Jenkins and co present a wealth of awesome women, of course (Lucy Davis is great, as are many Amazonians played by Connie Nielsen, Robin Wright, and Lisa Loven Kongsli as well as Elena Anaya’s evil Dr. Maru), but there’s also juicy roles for Danny Huston, David Thewlis, and Ewen Bremner.

And a special tip of the hat goes out to Eugene Brave Rock who’s Chief not only gets to descry the dangers of colonialism and cultural genocide, but shares a scene with Diana spoken in Blackfoot. It’s so rare that aboriginal actors and characters are respectfully acknowledged in a mainstream film, so if you needed another reason to love Wonder Woman, well, there you go!

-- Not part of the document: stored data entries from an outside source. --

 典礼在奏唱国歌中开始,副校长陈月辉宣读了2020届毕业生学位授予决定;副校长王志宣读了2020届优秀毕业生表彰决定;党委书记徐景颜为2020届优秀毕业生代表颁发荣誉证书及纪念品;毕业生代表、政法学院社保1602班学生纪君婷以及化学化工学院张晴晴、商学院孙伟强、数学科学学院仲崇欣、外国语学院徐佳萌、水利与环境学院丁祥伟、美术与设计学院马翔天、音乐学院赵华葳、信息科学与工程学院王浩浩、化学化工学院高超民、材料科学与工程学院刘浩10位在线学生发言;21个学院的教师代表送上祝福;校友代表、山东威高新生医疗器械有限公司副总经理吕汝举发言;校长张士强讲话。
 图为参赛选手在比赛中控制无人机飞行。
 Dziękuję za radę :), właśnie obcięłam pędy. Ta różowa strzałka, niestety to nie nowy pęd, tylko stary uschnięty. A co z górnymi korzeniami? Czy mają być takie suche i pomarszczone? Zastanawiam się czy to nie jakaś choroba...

Part war movie, part doomed romance, overfull with artful and exciting action sequences (the No Man’s Land assault led by Diana is worth the cost of admission alone), and all told some pretty subversive content for a populist DC superhero film –– and easily the best outside of Nolan’s Batman films, from that expanded universe –– this is a charismatic, crowd-pleasing, comic book conversion that works on every conceivable level. Wonder Woman dazzles.

 

21. Song to Song

A visually luxuriant art film from writer-director Terrence Malick, Song to Song is a devastating and delicious love story about anguish, grief, loss, and just being alive. Set within the music scene in Austin, Texas, Malick presents two entwined couples; music magnate Cook (Michael Fassbender), and troubled waitress Rhonda (Natalie Portman); struggling but up-and-coming singer/songwriters BV (Ryan Gosling) and Faye (Rooney Mara). As their lives interlace amidst a panorama of music, temptations, and deceptions.

A moving miracle, and a deeply idiosyncratic one, of course Song to Song isn’t a movie for everyone (interjections: aren’t “movies for everyone” just comforting, non-confrontational vanilla anyways?), but it is a movie that exalts and haunts (Holly Hunter’s reaction to her daughter’s suicide sent me sobbing).

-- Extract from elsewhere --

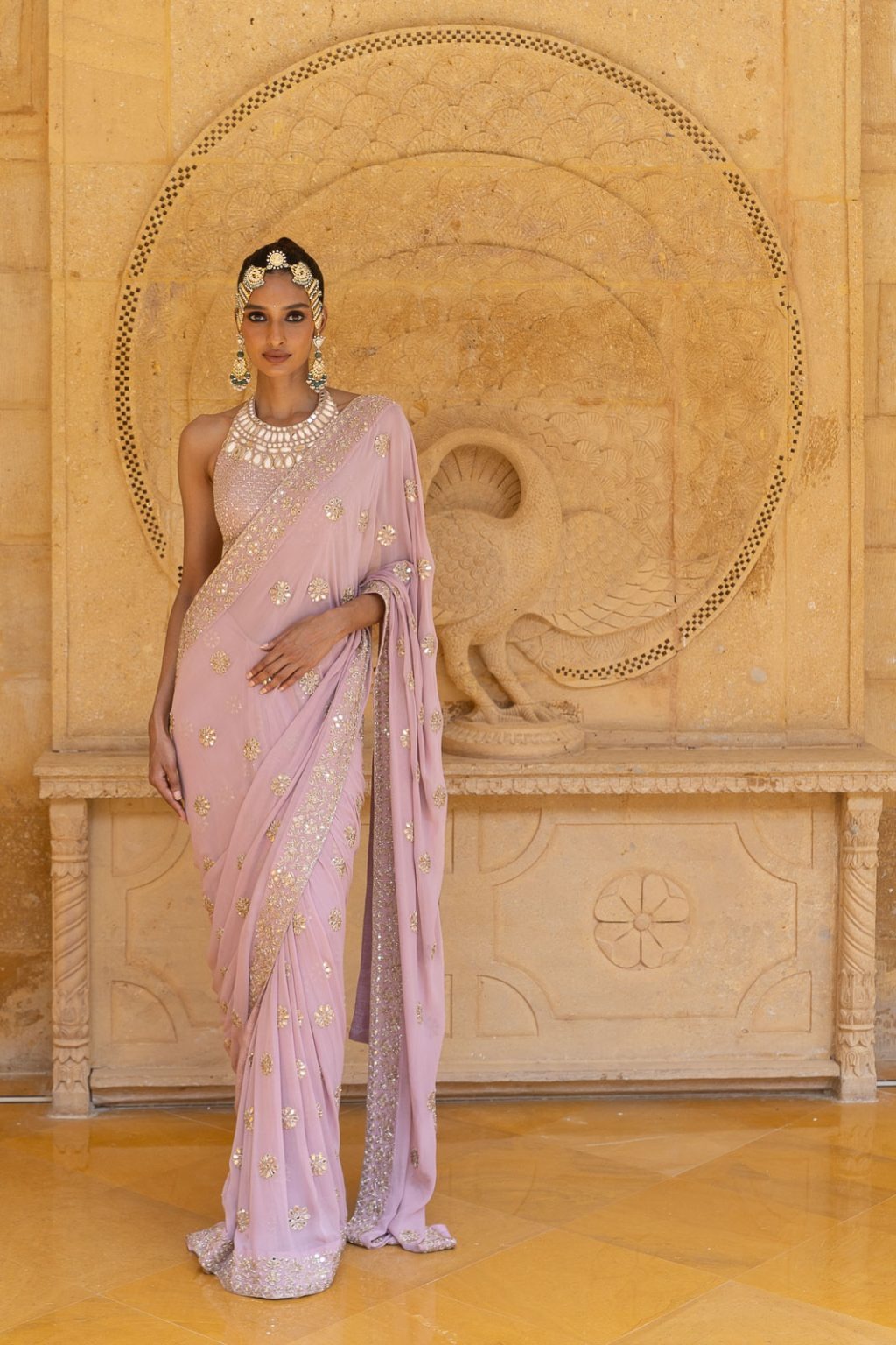Hand-done embellishment featuring a blend of sequins, beads, stones, silk threads, and fine detailing placed to elevate the outfit’s visual richness and refinement.

Malick, for reasons I won’t delve into here, has made films as of late that needle and annoy as many audience members as her delights and vivifies, and if you’re in the latter camp, Song to Song is his best work since 2011’s The Tree of Life. This is a film for Antonioni fans, for dreamers, for wanderers, for artists, and for lost causes, and it’s sublime and it will grandly outlive us all.